Still searching for answers

I’ve had yet another lengthy flare-up of nerve pain. I waited to write because, really, what is the point of peeling that onion of anger and frustration once again? It’s not like this nerve pain recedes completely. It’s been a faithful visitor to me for decades (since age 11). Its visits have become frequent and longer lasting over the years, especially in the past year and a half, with the exception of the six month period immediately following my spine surgery. I had minimal nerve pain during those six months. It’s possible that I lost of bit of my “tolerance” for this pain during those six months, kind of like how one needs to get acclimated to cold all over again at the beginning of winter. Still, you’d think I’d have built that tolerance back by now.

It’s becoming clearer to me that I may not find an answer or a ready narrative for my pain. I recently read a book called Drug Dealer, MD by Anne Lembke, MD (Johns Hopkins Press). While this volume is really a textbook for college classes addressing the opiate crisis, it did have some concepts I found very helpful to my situation. Lembke stresses that story creation is a fundamental part of both culture and identity.  Like every culture, mine has common stories about illness, about pain. There’s a good chance I’m going to pursue one or more those stories to get relief, and the doctors who have treated me and will treat me have their own stories.

I feel lucky that one particular story was not available to me: long-term opiate therapy. Had I gotten surgery for my ruptured L4/L5 disc earlier in time (and my disc ruptured many years ago, unbeknownst to me, actually), this may have turned out differently. I think it was a bad collision of opportunism on one side and compassion on the other that lead to a whole generation of back pain patients getting hooked on opiates. No one can convince me that opiates work long-term at safe doses, and I don’t think they help with nerve pain. There’s also the proverbial elephant in the room, or the colon, if you will, constipation. Why in the world in the world would I want to lay a pile of bricks and mortar on top of the mess I’ve already got going on down there?

I used the term back pain the preceding paragraph, but that is also a source of contention for me. In reality, I don’t often have back pain, and when I do, it quickly resolves itself. No matter how many times I’ve tried to correct the matter in the past and present tense, my appointment records and the like still indicate that I have back pain. Is there is just no diagnostic category for what ails me? I have spinal stenosis, assorted bad discs, and the like. I have radicular nerve pain that is intermittent and moderate to severe when it flares up. Years ago I saw an electrical storm from a highway in the New Mexico desert. The nerve pain feels like that storm looked.

The pain seems to be a function in part of the pace of my movement. This is most evident when I am walking. Slow walking or waiting in line can be an agony to me, but faster walking usually gives me no trouble. Why is it that I can walk miles in a day but I can’t stand in place for more than a couple minutes?

This is the moment when I recall something that my sister, who is a fellow nerve pain/spinal stenosis patient, used to say to me in the midst of our various sibling rivalries, “Nobody knows and nobody cares.”

That may sound radically cynical, but there’s a vital truth in it for chronic pain patients: you are chronic because nobody yet knows how to fix your pain, and if they do not care, do not go back.

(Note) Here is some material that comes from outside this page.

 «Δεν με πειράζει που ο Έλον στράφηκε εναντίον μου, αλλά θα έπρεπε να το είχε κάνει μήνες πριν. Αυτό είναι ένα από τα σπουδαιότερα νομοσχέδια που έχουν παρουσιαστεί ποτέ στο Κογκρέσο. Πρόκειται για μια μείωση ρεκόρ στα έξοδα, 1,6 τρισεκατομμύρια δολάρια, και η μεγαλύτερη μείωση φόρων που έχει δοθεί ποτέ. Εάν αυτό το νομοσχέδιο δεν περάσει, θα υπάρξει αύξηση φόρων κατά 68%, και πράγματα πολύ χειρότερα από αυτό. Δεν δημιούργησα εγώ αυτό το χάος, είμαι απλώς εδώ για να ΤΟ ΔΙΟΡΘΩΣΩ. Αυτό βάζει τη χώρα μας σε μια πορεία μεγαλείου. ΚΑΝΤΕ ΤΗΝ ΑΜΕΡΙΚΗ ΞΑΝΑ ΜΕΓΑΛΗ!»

I don’t know where to turn next for getting treatment for this nerve pain. The first thing I’ve learned is that any treatment can have unintended consequences. When I had L4/L5 fusion with disc replacement last year, the indication was advanced disc degeneration and severe spinal stenosis. I had significant numbness in my left leg, urinary issues, and the like. I did have sciatica in the months leading up the surgery, but nothing as troubling as the nerve pain I’ve felt in the past nine months.

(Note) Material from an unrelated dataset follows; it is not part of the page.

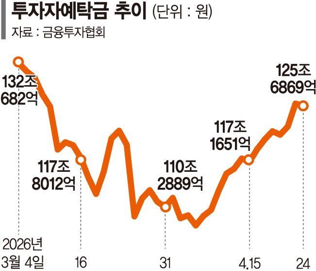 이후 코스피가 빠르게 반등하면서 대기자금도 다시 늘었다. 지난 13일 116조1075억원, 15일 117조1651억원, 17일 120조5854억원을 기록한 뒤 22일에는 122조5381억원으로 올라섰다. 이어 23일 126조351억원까지 뛰며 다시 126조원을 돌파했고, 24일에도 125조6869억원으로 높은 수준을 유지했다. 저점이었던 지난 6일과 비교하면 불과 18일 만에 18조2195억원이 증가했다.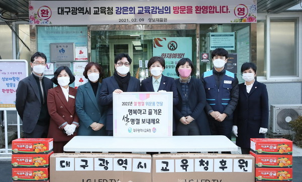 설명절을 맞이하여 대구광역시 강은희 교육감님과 교육청 관계자분들이 성보재활원을 방문하셨습니다. 이용자들이 선호하는 스마트 TV와 무선청소기 등을 후원해주셨습니다. 감사드립니다 ^_^♡

Long story short, surgery was the treatment of choice for what ailed me. I knew that the discs above the one replaced were not in great shape, but I did not think they would give me trouble so quickly. By the way, despite the nerve pain L3/L4 is generating, it is nowhere near qualifying for surgical removal. The one that did get removed, L4/L5, was so herniated it compressed my spinal cord on one side. It remains a mystery to me why it took so many years for me to feel pain or other symptoms from the L4/L5 rupture.

Next, I had the epidural injection. I wasn’t thrilled with this treatment. The relief I had was partial, and it lasted for six weeks. After this injection, I had nerve pain in new locations like my toes and neck. When the L3/L4 returned, it was mirrored to the right side, too. Now I have nerve pain in all four quadrants of my body. I cannot claim a cause-and-effect relationship here, but I will tell you to be very careful when you open the proverbial Pandora’s box of the central nervous system, especially if you come from a family with a history of migraine or fibromyalgia as I do. It’s not that I feel more pain than I did before I had the epidural; it’s coming from many more locations than it did before.

Back to the concept of story, I suppose it’s up to me to craft one of my own that helps me makes sense of what’s changed within me, one that does not rely on scalpels, syringes, or prescription drugs. We were human long before there were any cures. We loved, suffered, and triumphed before we knew what ailed us.